Assignment → Return the data below unchanged, without images.

Records from a dataset
Segment Open
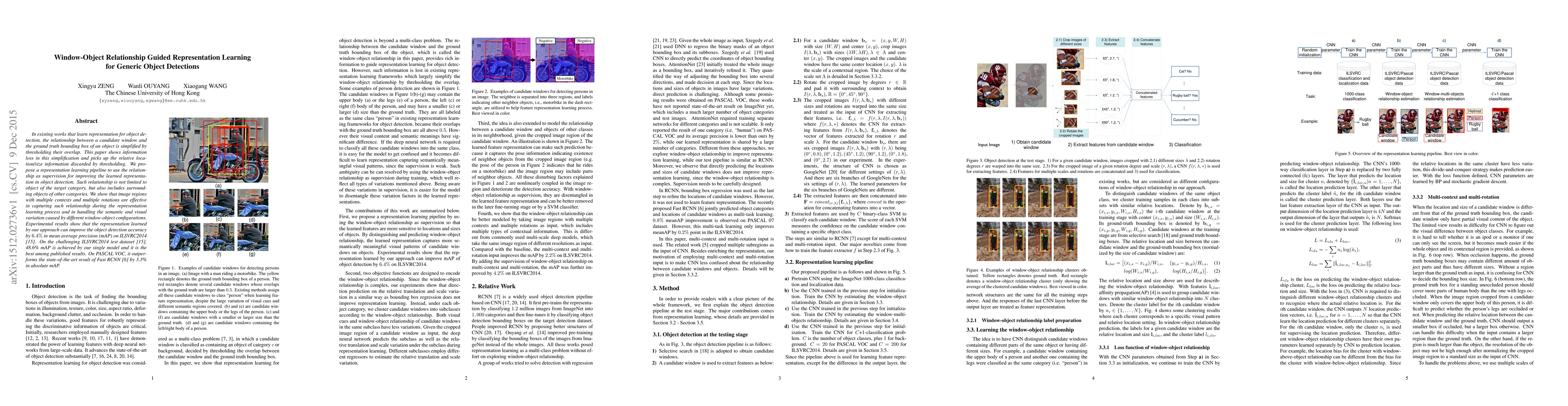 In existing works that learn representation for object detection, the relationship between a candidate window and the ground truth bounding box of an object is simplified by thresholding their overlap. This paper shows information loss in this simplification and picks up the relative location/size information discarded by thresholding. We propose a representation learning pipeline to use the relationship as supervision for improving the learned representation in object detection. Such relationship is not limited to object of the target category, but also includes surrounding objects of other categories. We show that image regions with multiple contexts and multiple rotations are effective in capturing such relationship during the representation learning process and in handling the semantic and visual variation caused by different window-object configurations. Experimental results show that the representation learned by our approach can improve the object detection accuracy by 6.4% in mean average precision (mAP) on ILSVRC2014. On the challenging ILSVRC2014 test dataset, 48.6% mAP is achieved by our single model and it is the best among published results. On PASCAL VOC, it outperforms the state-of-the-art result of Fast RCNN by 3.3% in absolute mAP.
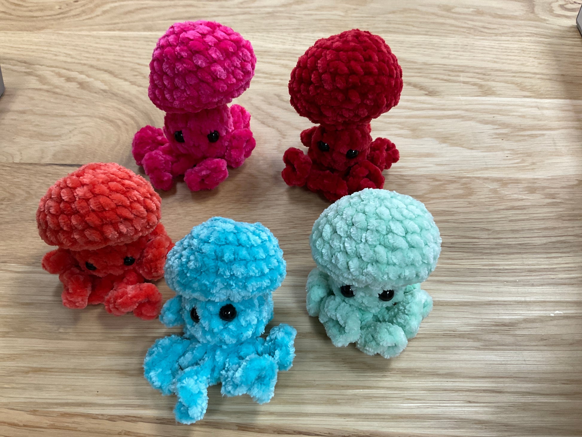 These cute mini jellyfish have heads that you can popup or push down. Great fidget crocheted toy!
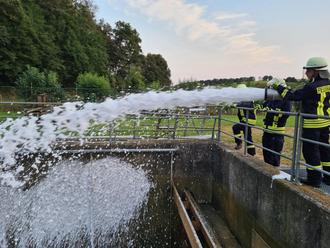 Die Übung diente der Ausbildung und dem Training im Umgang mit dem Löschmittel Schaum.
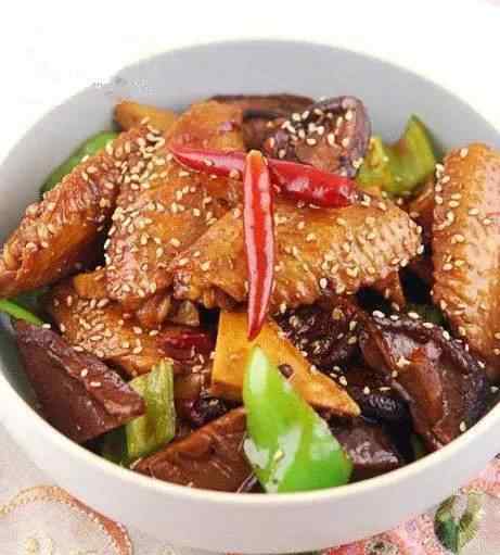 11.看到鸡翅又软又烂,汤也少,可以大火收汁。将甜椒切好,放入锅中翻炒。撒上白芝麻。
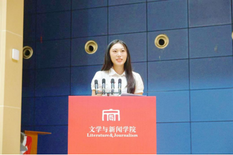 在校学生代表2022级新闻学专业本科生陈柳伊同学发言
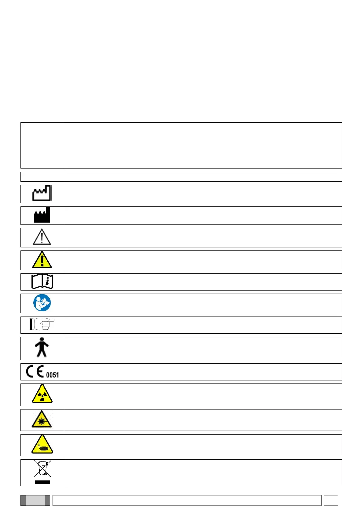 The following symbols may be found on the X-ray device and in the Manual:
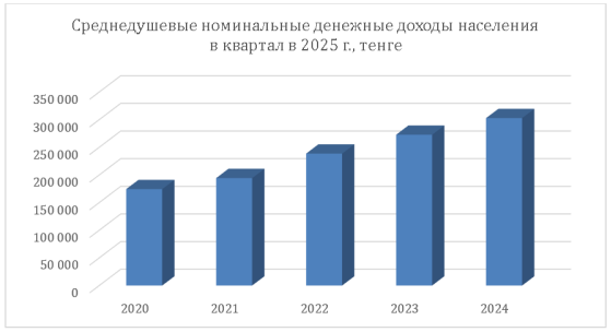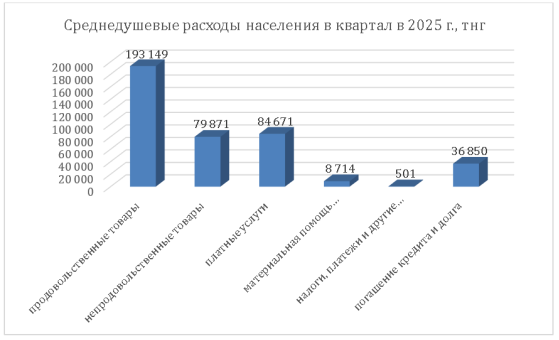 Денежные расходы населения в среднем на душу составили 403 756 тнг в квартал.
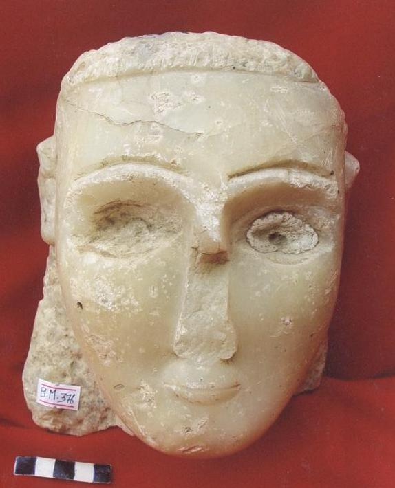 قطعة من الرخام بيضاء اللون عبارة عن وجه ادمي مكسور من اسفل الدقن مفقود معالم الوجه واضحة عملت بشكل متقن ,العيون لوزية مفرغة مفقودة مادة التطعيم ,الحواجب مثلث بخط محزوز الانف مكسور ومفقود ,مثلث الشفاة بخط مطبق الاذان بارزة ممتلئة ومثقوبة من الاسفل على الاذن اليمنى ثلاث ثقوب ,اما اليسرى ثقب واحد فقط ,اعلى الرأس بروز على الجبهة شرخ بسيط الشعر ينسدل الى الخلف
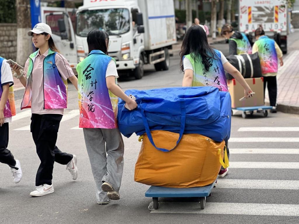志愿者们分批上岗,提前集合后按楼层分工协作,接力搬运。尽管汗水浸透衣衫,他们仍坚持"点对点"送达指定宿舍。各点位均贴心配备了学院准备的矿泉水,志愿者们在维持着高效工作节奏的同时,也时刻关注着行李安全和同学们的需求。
Segment Closed
Answer box →
 In existing works that learn representation for object detection, the relationship between a candidate window and the ground truth bounding box of an object is simplified by thresholding their overlap. This paper shows information loss in this simplification and picks up the relative location/size information discarded by thresholding. We propose a representation learning pipeline to use the relationship as supervision for improving the learned representation in object detection. Such relationship is not limited to object of the target category, but also includes surrounding objects of other categories. We show that image regions with multiple contexts and multiple rotations are effective in capturing such relationship during the representation learning process and in handling the semantic and visual variation caused by different window-object configurations. Experimental results show that the representation learned by our approach can improve the object detection accuracy by 6.4% in mean average precision (mAP) on ILSVRC2014. On the challenging ILSVRC2014 test dataset, 48.6% mAP is achieved by our single model and it is the best among published results. On PASCAL VOC, it outperforms the state-of-the-art result of Fast RCNN by 3.3% in absolute mAP.
 These cute mini jellyfish have heads that you can popup or push down. Great fidget crocheted toy!
 Die Übung diente der Ausbildung und dem Training im Umgang mit dem Löschmittel Schaum.
 11.看到鸡翅又软又烂,汤也少,可以大火收汁。将甜椒切好,放入锅中翻炒。撒上白芝麻。
 在校学生代表2022级新闻学专业本科生陈柳伊同学发言
 The following symbols may be found on the X-ray device and in the Manual:
 Денежные расходы населения в среднем на душу составили 403 756 тнг в квартал.
 قطعة من الرخام بيضاء اللون عبارة عن وجه ادمي مكسور من اسفل الدقن مفقود معالم الوجه واضحة عملت بشكل متقن ,العيون لوزية مفرغة مفقودة مادة التطعيم ,الحواجب مثلث بخط محزوز الانف مكسور ومفقود ,مثلث الشفاة بخط مطبق الاذان بارزة ممتلئة ومثقوبة من الاسفل على الاذن اليمنى ثلاث ثقوب ,اما اليسرى ثقب واحد فقط ,اعلى الرأس بروز على الجبهة شرخ بسيط الشعر ينسدل الى الخلف
志愿者们分批上岗,提前集合后按楼层分工协作,接力搬运。尽管汗水浸透衣衫,他们仍坚持"点对点"送达指定宿舍。各点位均贴心配备了学院准备的矿泉水,志愿者们在维持着高效工作节奏的同时,也时刻关注着行李安全和同学们的需求。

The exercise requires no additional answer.